* **Brief**
In the listing that follows, the range to quote begins at the line that has "10Selling a Graco" and ends after the line that has "- The share"; quote it verbatim and add nothing.

* **Material provided**
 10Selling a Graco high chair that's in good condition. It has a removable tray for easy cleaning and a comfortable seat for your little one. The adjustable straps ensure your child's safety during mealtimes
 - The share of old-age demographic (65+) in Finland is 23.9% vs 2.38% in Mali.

---

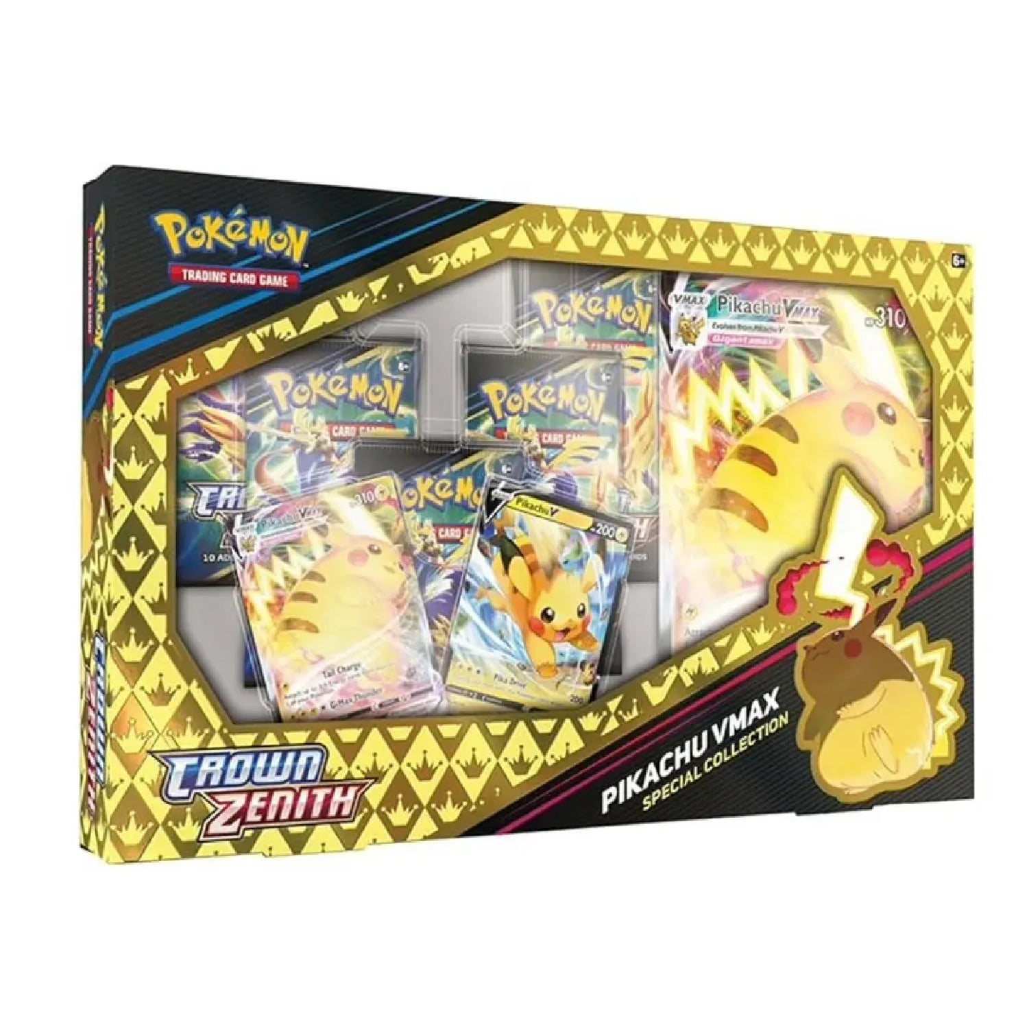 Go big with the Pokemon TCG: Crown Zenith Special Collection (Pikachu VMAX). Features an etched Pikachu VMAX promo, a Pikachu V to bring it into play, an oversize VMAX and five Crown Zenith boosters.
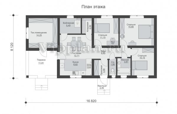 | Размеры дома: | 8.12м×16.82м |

* **Exercise output**
 10Selling a Graco high chair that's in good condition. It has a removable tray for easy cleaning and a comfortable seat for your little one. The adjustable straps ensure your child's safety during mealtimes
 - The share of old-age demographic (65+) in Finland is 23.9% vs 2.38% in Mali.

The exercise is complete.